(Stored entries)
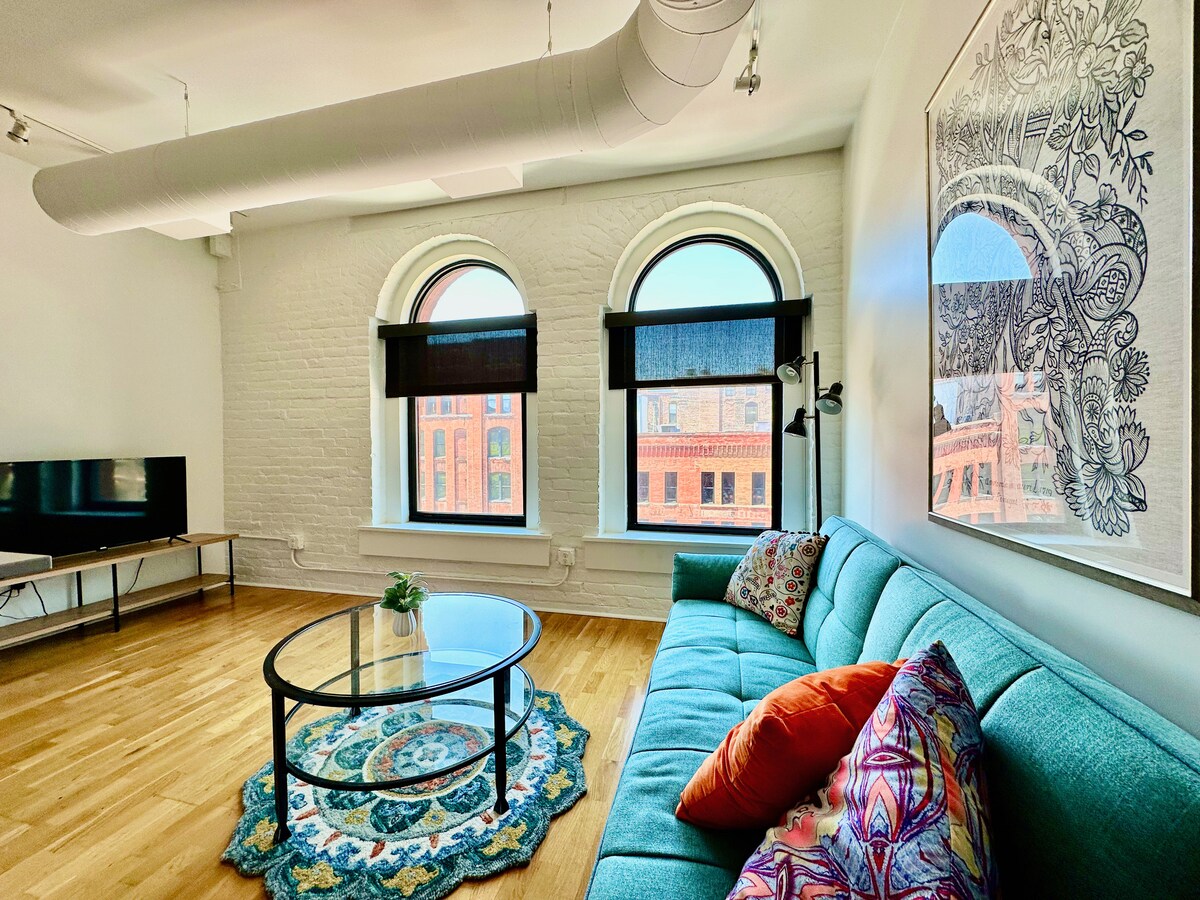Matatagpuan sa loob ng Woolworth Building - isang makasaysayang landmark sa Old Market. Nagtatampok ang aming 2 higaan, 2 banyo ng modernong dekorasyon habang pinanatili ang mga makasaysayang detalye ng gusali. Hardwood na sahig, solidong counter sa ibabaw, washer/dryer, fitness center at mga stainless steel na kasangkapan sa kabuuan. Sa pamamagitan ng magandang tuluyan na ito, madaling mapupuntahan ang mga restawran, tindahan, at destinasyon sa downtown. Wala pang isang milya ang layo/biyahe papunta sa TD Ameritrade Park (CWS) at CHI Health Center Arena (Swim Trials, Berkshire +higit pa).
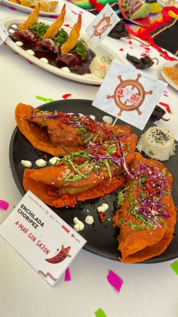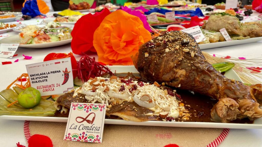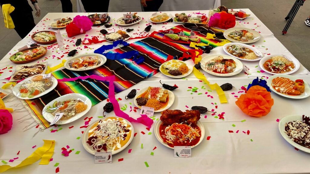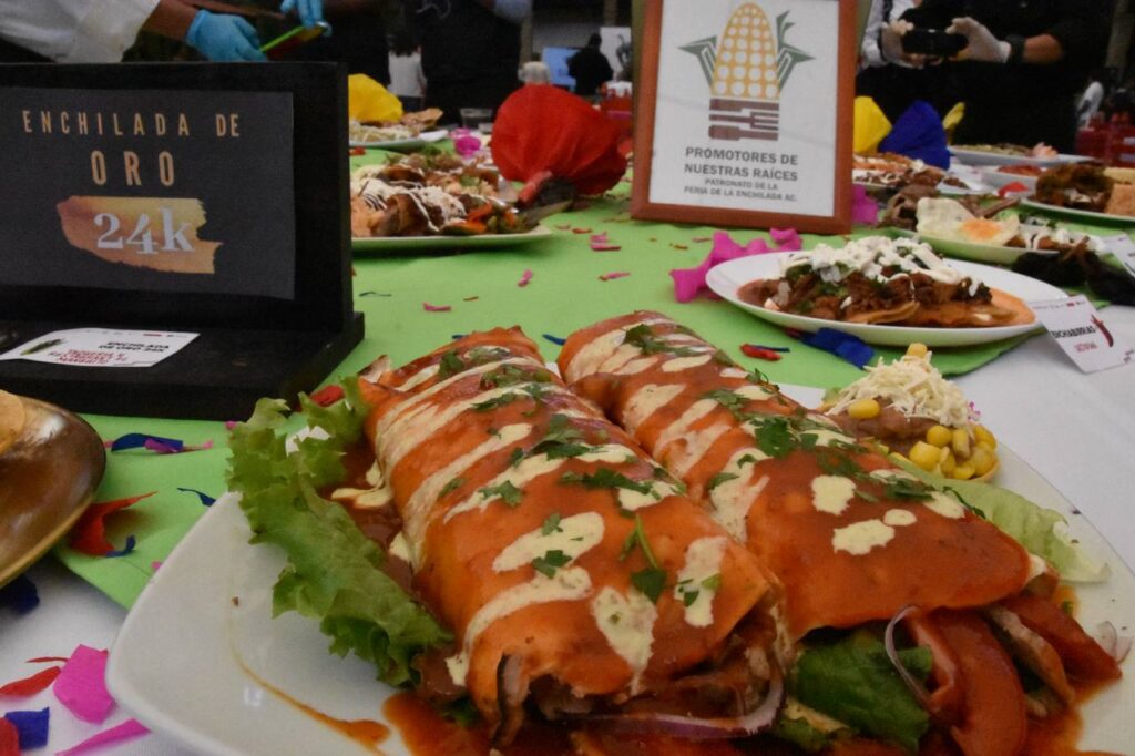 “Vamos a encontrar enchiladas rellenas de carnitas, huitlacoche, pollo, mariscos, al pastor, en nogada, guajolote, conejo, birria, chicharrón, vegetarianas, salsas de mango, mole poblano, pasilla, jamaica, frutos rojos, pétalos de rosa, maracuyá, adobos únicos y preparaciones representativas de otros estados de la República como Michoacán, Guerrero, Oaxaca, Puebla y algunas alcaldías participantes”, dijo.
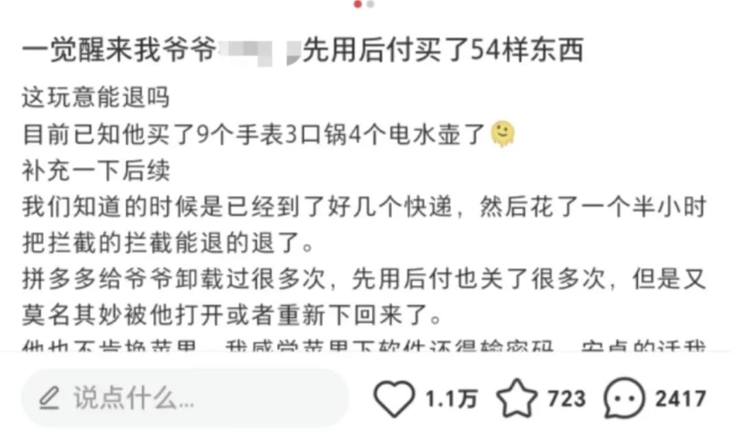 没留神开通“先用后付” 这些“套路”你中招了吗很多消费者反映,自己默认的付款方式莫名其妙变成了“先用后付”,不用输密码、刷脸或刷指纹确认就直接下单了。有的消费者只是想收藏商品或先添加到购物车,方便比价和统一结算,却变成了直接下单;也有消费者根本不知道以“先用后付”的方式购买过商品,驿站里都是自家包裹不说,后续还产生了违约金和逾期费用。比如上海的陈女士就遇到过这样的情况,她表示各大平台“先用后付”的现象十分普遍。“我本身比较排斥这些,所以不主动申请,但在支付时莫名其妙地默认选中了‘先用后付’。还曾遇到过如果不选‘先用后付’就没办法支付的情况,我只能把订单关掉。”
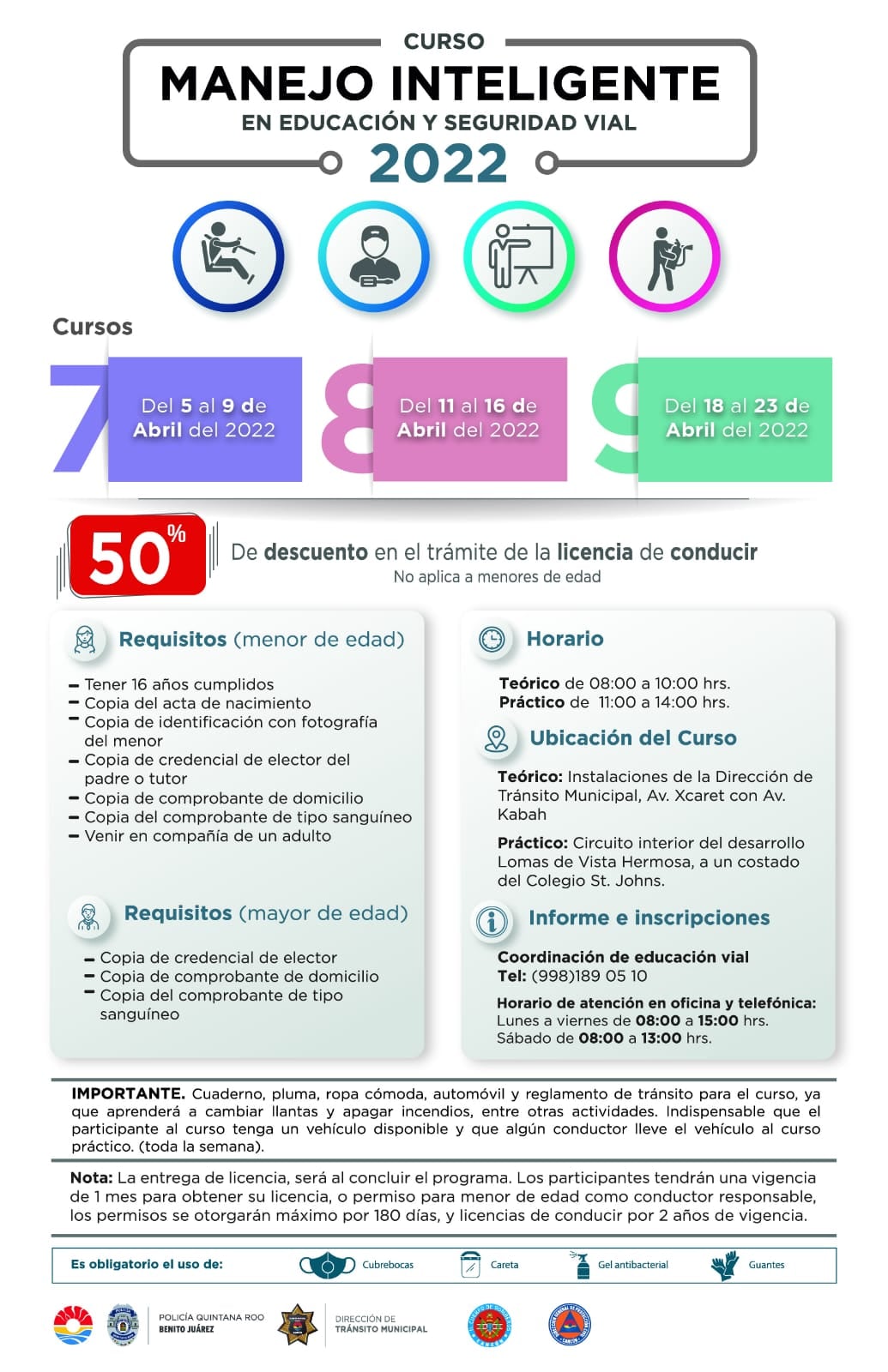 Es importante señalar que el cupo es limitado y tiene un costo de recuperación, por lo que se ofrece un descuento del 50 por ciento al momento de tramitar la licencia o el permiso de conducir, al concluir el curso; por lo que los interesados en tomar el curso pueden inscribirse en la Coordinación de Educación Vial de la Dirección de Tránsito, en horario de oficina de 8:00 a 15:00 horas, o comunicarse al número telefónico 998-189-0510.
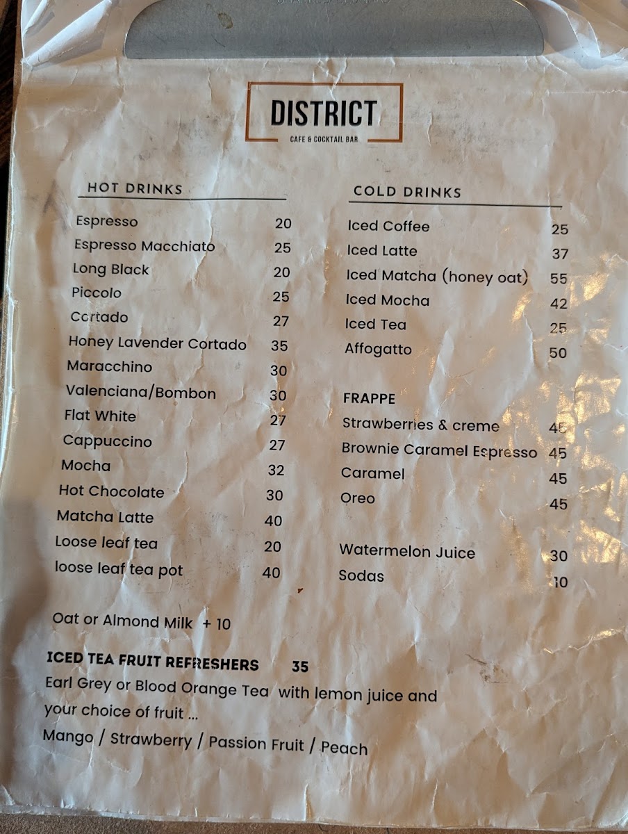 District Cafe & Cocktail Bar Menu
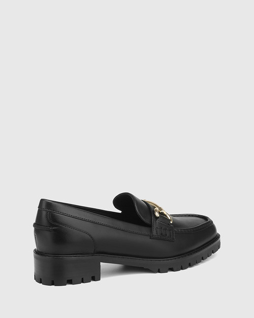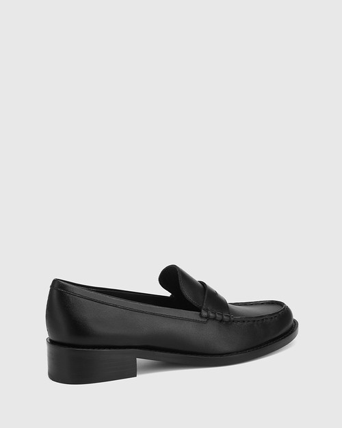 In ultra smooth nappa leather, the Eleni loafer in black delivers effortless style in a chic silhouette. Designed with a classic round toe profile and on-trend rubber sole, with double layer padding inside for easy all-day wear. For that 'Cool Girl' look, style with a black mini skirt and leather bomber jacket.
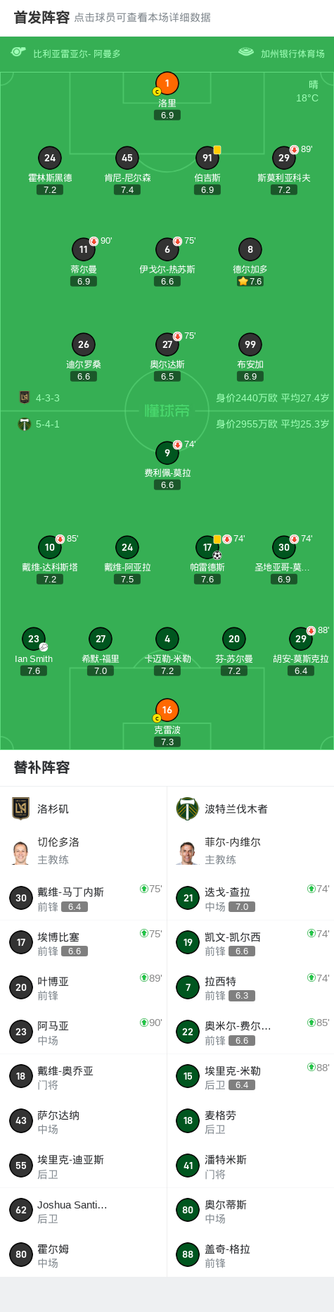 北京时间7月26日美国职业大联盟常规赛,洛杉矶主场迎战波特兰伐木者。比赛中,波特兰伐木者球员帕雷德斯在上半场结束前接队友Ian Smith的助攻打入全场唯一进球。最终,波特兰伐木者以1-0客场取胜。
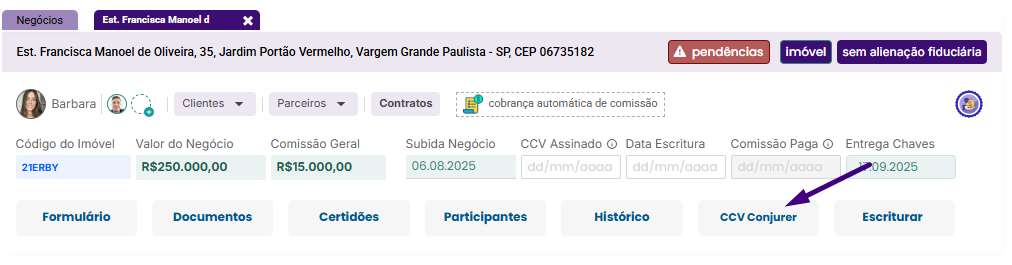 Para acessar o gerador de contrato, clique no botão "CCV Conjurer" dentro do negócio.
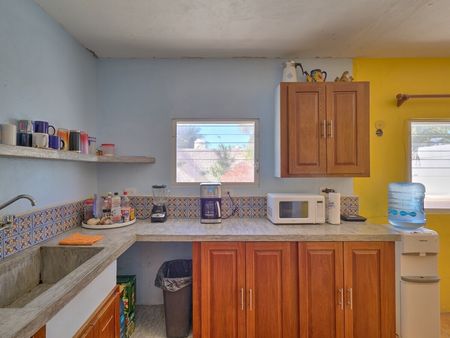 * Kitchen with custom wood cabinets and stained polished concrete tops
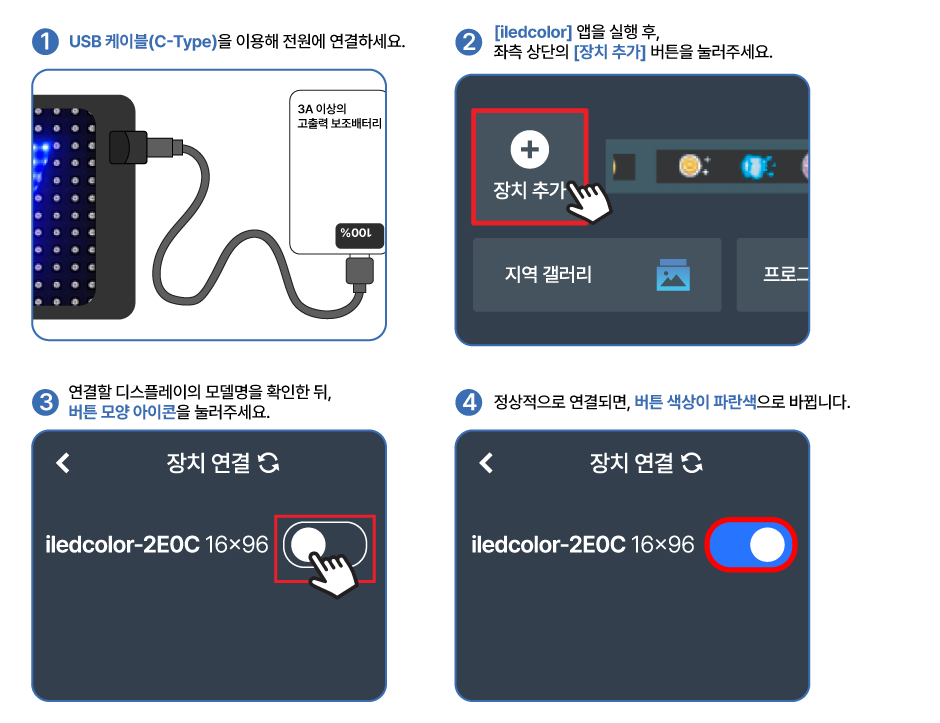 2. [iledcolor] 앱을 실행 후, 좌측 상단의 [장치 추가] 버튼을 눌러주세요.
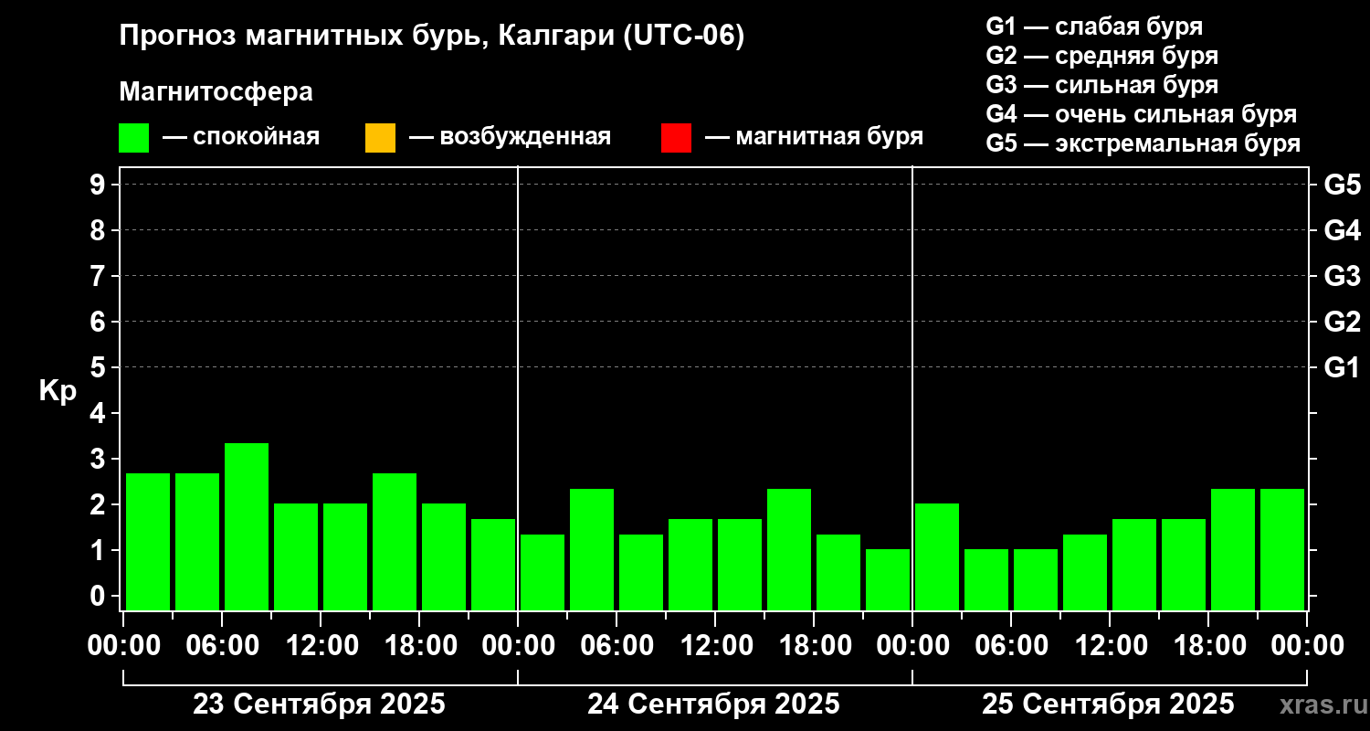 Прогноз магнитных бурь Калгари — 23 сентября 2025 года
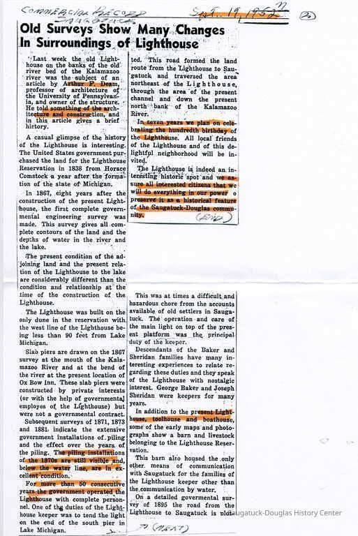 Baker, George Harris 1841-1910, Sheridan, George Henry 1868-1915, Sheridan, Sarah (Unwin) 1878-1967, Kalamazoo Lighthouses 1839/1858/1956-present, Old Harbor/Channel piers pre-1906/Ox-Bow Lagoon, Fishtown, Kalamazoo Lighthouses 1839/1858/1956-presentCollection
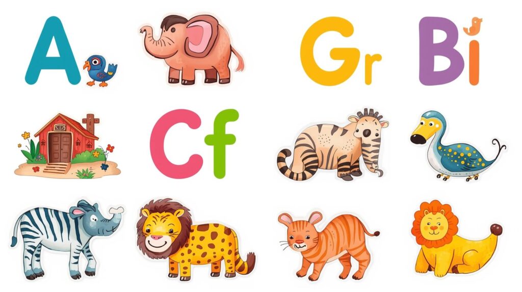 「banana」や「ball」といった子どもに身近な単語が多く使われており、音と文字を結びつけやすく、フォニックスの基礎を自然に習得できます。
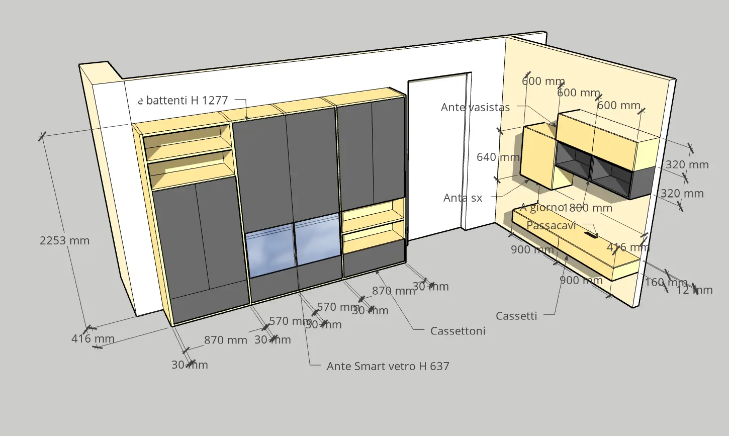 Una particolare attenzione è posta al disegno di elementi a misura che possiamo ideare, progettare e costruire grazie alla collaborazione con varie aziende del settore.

EXERCISE DESCRIPTION.
Exact copy, no pictures: reproduce every entry shown above.

REPLY TO THE EXERCISE.
Matatagpuan sa loob ng Woolworth Building - isang makasaysayang landmark sa Old Market. Nagtatampok ang aming 2 higaan, 2 banyo ng modernong dekorasyon habang pinanatili ang mga makasaysayang detalye ng gusali. Hardwood na sahig, solidong counter sa ibabaw, washer/dryer, fitness center at mga stainless steel na kasangkapan sa kabuuan. Sa pamamagitan ng magandang tuluyan na ito, madaling mapupuntahan ang mga restawran, tindahan, at destinasyon sa downtown. Wala pang isang milya ang layo/biyahe papunta sa TD Ameritrade Park (CWS) at CHI Health Center Arena (Swim Trials, Berkshire +higit pa).
 “Vamos a encontrar enchiladas rellenas de carnitas, huitlacoche, pollo, mariscos, al pastor, en nogada, guajolote, conejo, birria, chicharrón, vegetarianas, salsas de mango, mole poblano, pasilla, jamaica, frutos rojos, pétalos de rosa, maracuyá, adobos únicos y preparaciones representativas de otros estados de la República como Michoacán, Guerrero, Oaxaca, Puebla y algunas alcaldías participantes”, dijo.
 没留神开通“先用后付” 这些“套路”你中招了吗很多消费者反映,自己默认的付款方式莫名其妙变成了“先用后付”,不用输密码、刷脸或刷指纹确认就直接下单了。有的消费者只是想收藏商品或先添加到购物车,方便比价和统一结算,却变成了直接下单;也有消费者根本不知道以“先用后付”的方式购买过商品,驿站里都是自家包裹不说,后续还产生了违约金和逾期费用。比如上海的陈女士就遇到过这样的情况,她表示各大平台“先用后付”的现象十分普遍。“我本身比较排斥这些,所以不主动申请,但在支付时莫名其妙地默认选中了‘先用后付’。还曾遇到过如果不选‘先用后付’就没办法支付的情况,我只能把订单关掉。”
 Es importante señalar que el cupo es limitado y tiene un costo de recuperación, por lo que se ofrece un descuento del 50 por ciento al momento de tramitar la licencia o el permiso de conducir, al concluir el curso; por lo que los interesados en tomar el curso pueden inscribirse en la Coordinación de Educación Vial de la Dirección de Tránsito, en horario de oficina de 8:00 a 15:00 horas, o comunicarse al número telefónico 998-189-0510.
 District Cafe & Cocktail Bar Menu
 In ultra smooth nappa leather, the Eleni loafer in black delivers effortless style in a chic silhouette. Designed with a classic round toe profile and on-trend rubber sole, with double layer padding inside for easy all-day wear. For that 'Cool Girl' look, style with a black mini skirt and leather bomber jacket.
 北京时间7月26日美国职业大联盟常规赛,洛杉矶主场迎战波特兰伐木者。比赛中,波特兰伐木者球员帕雷德斯在上半场结束前接队友Ian Smith的助攻打入全场唯一进球。最终,波特兰伐木者以1-0客场取胜。
 Para acessar o gerador de contrato, clique no botão "CCV Conjurer" dentro do negócio.
 * Kitchen with custom wood cabinets and stained polished concrete tops
 2. [iledcolor] 앱을 실행 후, 좌측 상단의 [장치 추가] 버튼을 눌러주세요.
 Прогноз магнитных бурь Калгари — 23 сентября 2025 года
 Baker, George Harris 1841-1910, Sheridan, George Henry 1868-1915, Sheridan, Sarah (Unwin) 1878-1967, Kalamazoo Lighthouses 1839/1858/1956-present, Old Harbor/Channel piers pre-1906/Ox-Bow Lagoon, Fishtown, Kalamazoo Lighthouses 1839/1858/1956-presentCollection
 「banana」や「ball」といった子どもに身近な単語が多く使われており、音と文字を結びつけやすく、フォニックスの基礎を自然に習得できます。
 Una particolare attenzione è posta al disegno di elementi a misura che possiamo ideare, progettare e costruire grazie alla collaborazione con varie aziende del settore.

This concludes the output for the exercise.